Je wilt van je flitsverklikker niet weten dat je 200 meter geleden met een te hoge snelheid een flitser bent gepasseerd. Die flitsmelding wil je ruim van te voren krijgen, zodat je je snelheid kunt minderen indien nodig.
In de financiële administratie is dat niet anders. Medewerkers moeten op tijd de juiste informatie krijgen zodat ze beslissingen kunnen nemen die het belang van de cliënt dienen en financieel verantwoord zijn,
Zorgmedewerkers krijgen steeds meer met financiën te maken. In het AWBZ-tijdperk waren er standaard budgetten. Nu, met de Wmo en Wlz verandert dat. Er zijn diverse financiers van de zorg en iedereen verlangt verantwoordingsinformatie. Van aanbod- naar vraaggerichte zorg vergt ook financieel inzicht van zorgmedewerkers. De wensen van de cliënt achterhalen kan gewoon tijdens een gesprek. Die leg je vast in het ECD. Maar de beantwoording van de vraag of die wensen betaalbaar zijn, dat moet de zorgmedewerker ook kunnen afwegen. Hoe maak ik de afweging of dat wel of niet kan? Die afweging ligt bij SOVAK, waar ik werkzaam ben, nu nog vaak bij de leidinggevende maar we willen die verschuiven richting de zorgmedewerkers.
Financiële component
Want als je als zorgmedewerker wilt kunnen reageren op individuele vragen, dan moet je ook de financiële component in je antwoord meenemen. Je wilt dan niet hele tijd terug naar iemand die daarover een beslissing moet nemen. Overigens vind ik niet dat we toe moeten een individueel rekenmodel. Dat kan ook niet want als een zorgverlener de ene dag gaat wandelen met twee cliënten en de volgende dag met zes, is die wandeling dan ineens duurder? Dat moeten we niet willen. We kunnen wel kijken naar wat financieel mogelijk is wel over een periode. Wij hebben acht zorgzwaartepakketten in onze branche maar veel meer typen cliënten. Die hebben de ene week een grotere zorgbehoefte dan de andere. Dan moet je niet per cliënt per dag gaan sturen maar over een iets langere periode. Dat is realistischer.

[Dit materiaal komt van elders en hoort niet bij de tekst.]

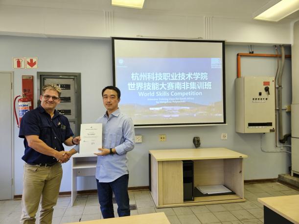 自“中南‘丝路学院’”成立以来,学校采用“政校企合作”模式,结合南非产业数字化转型升级的战略需求,依托智能制造、智慧建造、物联网技术、新零售管理等优势特色专业群,开展浙江凯达机床股份有限公司等“走出去”企业员工技能提升培训、南非世界技能大赛选手技能指导、职业院校师生培训和青年就业技能培训200余人,培训总量突破1万人天。在新一轮合作中,学校承担南非高教部30名高校教师培训项目,与南非高教部技能资格认证中心共建世界技能大赛数控培训中心,联合南非中资企业共同实施“洋学徒”本土化培养和汉语培训,开发并输出教学标准、课程标准、双语课程资源、技能实训培训包等。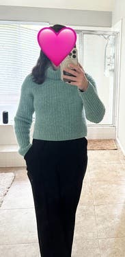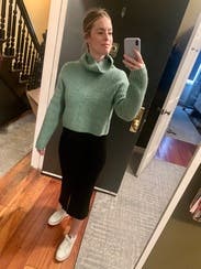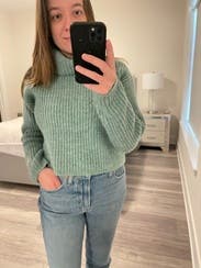 The seafoam green was the perfect color for my visit to the emerald island beach area. The crop was just right along with the extra thick turtleneck. Received several compliments.

Vooruitkijken is belangrijk, maar niet te ver, want we willen kort cyclisch sturen. Als er bijvoorbeeld de komende maand weinig verandert, dan wil ik zien wat er gepland staat aan zorg door welke medewerkers om ook ‘what if scenario’s’ kunnen maken over de kosten. Achteruit kijken heeft als groot nadeel dat je enkel kunt verklaren waarom iets is gebeurd en bijsturen is niet mogelijk.
Begroting
Daarom ben ik ook geen voorstander van begroten. Je maakt namelijk jaarlijks een inschatting van de toekomst. We moeten sturen op wat we begroot hebben overboord zetten. Als je drie maanden goed vooruit kunt kijken, heb je geen begroting nodig. De inschatting van de toekomst is dan je uitgangspunt en je blijft continu vanuit de toekomst kijken. Vragen zaken om bijsturing? Dan kan je bijtijds de juiste maatregelen nemen. Van de begroting die ik nu opstel, weet ik pas in november volgend jaar of ik die gefinancierd ga krijgen. Dat is geen goede zaak, noch voor ons als zorgaanbieder, noch voor de gemeenten, noch voor de cliënt.
In het bedrijfsleven is financieel vooruitkijken standaard. Daar moeten we als zorgorganisatie ook naar toe. Dat maakt ons klantgerichter want we moeten sneller reageren op veranderingen. Dus niet meer zeggen dat bepaalde zaken niet kunnen omdat ze pas in de begroting van volgend jaar zijn opgenomen maar kijken wat nu nodig en mogelijk is. De uitvoerder moet maximaal ondersteund worden in zijn taken. Dat betekent direct inzicht in de financiën van de zorg van een cliënt zodat de zorgverlener wendbaar is en beter in staat is om de juiste beslissingen te nemen die ook financieel verantwoord zijn. Daar willen we bij SOVAK naartoe. Er zijn nog wel wat technische uitdagingen maar daar komen we wel uit.